UK government to cut aid

The UK Parliament voted on Tuesday to cut Overseas Aid from 0.7% of GDP to 0.5% of GDP, a cut which The Guardian refers to as a ‘hammer blow’ for some of the world’s poorest peoples facing persecution in countries such as Yemen and Syria.

This is an important update for any student studying the Global Development Module as part of A-level sociology.

Previous to the cuts the UK had the second highest aid budge relative to its GDP compared to any other country besides Germany and was among one of very few large developed countries to have met this Millennium Development Goal target. (NB that’s not a typo, the 0.7 of GPD target was set as part of the MDGs 1.0 back in the year 2000, even though they ended in 2015 to be replaced by the Sustainable Development Goals, still only a few countries met that pledge even in all those years).

Now we’re back in mid-league obscurity for aid donors by proportion of GDP.

The stated reason for the cuts to foreign aid are that the UK has spent over $400 billion on combatting Coronavirus and that next year our debt will exceed the total value of our economic output.

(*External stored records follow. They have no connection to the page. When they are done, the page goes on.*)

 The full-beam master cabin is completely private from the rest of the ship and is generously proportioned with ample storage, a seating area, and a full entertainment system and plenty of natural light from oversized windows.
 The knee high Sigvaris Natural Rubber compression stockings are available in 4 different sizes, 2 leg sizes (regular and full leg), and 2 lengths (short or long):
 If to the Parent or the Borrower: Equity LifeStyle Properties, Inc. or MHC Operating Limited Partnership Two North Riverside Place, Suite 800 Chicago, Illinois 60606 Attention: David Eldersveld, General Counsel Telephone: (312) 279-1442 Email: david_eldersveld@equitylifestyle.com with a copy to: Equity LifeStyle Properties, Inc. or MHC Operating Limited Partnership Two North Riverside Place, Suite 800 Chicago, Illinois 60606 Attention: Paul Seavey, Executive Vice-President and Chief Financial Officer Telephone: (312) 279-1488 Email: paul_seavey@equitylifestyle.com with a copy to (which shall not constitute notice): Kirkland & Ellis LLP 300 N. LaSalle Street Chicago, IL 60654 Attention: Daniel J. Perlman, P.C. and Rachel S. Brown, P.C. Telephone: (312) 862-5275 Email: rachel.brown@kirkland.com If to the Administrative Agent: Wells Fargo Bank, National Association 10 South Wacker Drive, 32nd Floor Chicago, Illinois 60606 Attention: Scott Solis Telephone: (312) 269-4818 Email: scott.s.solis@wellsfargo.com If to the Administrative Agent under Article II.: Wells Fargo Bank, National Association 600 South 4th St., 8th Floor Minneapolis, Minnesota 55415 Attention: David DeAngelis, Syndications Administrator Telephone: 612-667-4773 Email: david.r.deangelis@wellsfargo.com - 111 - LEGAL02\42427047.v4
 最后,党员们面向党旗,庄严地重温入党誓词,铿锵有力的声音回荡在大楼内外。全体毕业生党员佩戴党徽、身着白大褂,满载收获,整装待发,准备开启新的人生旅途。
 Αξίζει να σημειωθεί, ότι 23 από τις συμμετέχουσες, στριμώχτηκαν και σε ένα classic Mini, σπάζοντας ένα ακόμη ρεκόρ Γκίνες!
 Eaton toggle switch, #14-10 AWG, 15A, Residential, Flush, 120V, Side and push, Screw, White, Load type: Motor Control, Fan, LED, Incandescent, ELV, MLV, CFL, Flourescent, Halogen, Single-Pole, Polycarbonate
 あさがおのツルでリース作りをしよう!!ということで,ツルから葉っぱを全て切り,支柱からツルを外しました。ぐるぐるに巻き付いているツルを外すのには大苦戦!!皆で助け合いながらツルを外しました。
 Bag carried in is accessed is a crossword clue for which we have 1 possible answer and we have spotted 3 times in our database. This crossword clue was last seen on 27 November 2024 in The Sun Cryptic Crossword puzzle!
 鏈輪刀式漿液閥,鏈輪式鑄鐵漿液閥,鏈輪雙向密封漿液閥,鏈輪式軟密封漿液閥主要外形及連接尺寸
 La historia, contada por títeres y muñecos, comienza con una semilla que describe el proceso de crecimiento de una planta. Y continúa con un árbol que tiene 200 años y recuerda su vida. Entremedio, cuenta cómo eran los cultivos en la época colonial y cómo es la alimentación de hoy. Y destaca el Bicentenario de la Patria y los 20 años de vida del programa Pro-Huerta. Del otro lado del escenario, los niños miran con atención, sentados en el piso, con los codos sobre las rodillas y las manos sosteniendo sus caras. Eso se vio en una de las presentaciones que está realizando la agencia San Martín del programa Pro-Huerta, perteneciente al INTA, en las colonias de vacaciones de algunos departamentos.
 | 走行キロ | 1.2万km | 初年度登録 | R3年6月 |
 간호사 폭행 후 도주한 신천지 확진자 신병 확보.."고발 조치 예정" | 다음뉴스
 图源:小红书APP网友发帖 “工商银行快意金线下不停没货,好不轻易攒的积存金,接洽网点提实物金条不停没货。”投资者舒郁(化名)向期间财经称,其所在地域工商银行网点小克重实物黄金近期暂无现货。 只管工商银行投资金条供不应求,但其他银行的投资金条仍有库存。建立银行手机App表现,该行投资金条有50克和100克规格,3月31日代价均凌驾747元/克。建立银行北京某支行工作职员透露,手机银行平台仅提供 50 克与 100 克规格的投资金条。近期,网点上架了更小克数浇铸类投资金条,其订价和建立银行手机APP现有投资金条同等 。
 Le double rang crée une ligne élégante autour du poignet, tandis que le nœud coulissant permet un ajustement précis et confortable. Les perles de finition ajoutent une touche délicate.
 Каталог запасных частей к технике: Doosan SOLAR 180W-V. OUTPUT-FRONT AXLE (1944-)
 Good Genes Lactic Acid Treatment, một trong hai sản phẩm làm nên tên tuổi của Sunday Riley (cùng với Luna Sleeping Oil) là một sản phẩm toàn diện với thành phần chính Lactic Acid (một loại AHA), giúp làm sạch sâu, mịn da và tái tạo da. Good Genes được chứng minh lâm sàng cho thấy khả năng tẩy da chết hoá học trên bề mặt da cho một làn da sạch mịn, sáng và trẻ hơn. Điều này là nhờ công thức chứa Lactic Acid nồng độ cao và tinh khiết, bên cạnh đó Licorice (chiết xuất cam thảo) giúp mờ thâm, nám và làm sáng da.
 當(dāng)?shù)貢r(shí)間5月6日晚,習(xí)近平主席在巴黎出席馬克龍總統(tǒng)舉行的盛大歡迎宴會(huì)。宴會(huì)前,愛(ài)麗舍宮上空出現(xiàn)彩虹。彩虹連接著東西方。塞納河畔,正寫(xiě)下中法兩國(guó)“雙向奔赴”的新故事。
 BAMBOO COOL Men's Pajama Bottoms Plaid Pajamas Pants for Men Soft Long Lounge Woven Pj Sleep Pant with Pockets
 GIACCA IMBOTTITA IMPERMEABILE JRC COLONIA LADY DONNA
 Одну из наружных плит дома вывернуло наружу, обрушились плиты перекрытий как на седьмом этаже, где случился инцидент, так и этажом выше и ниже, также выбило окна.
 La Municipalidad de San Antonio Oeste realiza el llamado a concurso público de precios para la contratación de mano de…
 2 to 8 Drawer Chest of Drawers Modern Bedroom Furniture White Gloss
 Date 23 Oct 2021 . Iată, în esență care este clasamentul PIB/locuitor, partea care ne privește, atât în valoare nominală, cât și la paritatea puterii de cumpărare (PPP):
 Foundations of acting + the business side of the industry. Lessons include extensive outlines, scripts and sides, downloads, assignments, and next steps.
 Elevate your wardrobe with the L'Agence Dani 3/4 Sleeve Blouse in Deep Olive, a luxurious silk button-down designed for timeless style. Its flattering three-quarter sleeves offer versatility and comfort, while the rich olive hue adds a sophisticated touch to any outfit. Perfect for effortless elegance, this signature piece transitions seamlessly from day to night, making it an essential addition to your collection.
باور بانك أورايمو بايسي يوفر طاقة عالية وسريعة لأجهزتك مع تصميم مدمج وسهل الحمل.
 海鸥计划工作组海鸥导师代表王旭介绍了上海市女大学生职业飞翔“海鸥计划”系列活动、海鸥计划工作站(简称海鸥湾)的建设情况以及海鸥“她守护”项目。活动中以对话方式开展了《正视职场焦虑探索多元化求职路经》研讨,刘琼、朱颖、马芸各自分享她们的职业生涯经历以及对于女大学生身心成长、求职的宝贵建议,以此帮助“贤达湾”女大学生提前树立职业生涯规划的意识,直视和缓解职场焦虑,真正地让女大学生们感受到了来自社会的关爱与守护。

Boris Johnson says the cut from 0.7% to 0.5% is temporary and will return to 0.7% when economic circumstances allow

Arguments against cutting aid

It’s worth noting that every living prime minister besides Boris Johnson is against cutting aid

There’s been quite an active response outlining the impact of the cuts from various activists such as this tweet from Malala Yousafzai:

Some further arguments against cutting aid include…

  1. UK is already spending LESS on UK aid anyway, it’s down from $14 to to $10 Billion this year compared to the previous year already, because our GNP has already shrunk due to the pandemic. Thus the link between the economy doing worse and aid spending being cut is ALREADY in place!
  2. It’s a relatively small amount money that will do very little to help the UK get back on its feet, whereas the difference this money might make abroad is huge.
  3. Related to point 2, this could well be false economy – that money could prevent further strain on the UK economy, OR help the UK economy, especially since UK aid is now organised through the FCO rather than DFID, and the former is more cynical in the way it spends UK aid money anyway – more likely to use it to benefit the UK economy.
  4. Contrary to the news reporting about Philanthropists ‘stepping in’ to plug the UK aid cuts, this isn’t true – the aid cut is worth around $3 Billion the ‘pledge’ is currently at around $100 Million – 30 times less. This is a good example of media bias, the mainstream media REALLY should be more critical of these global elites!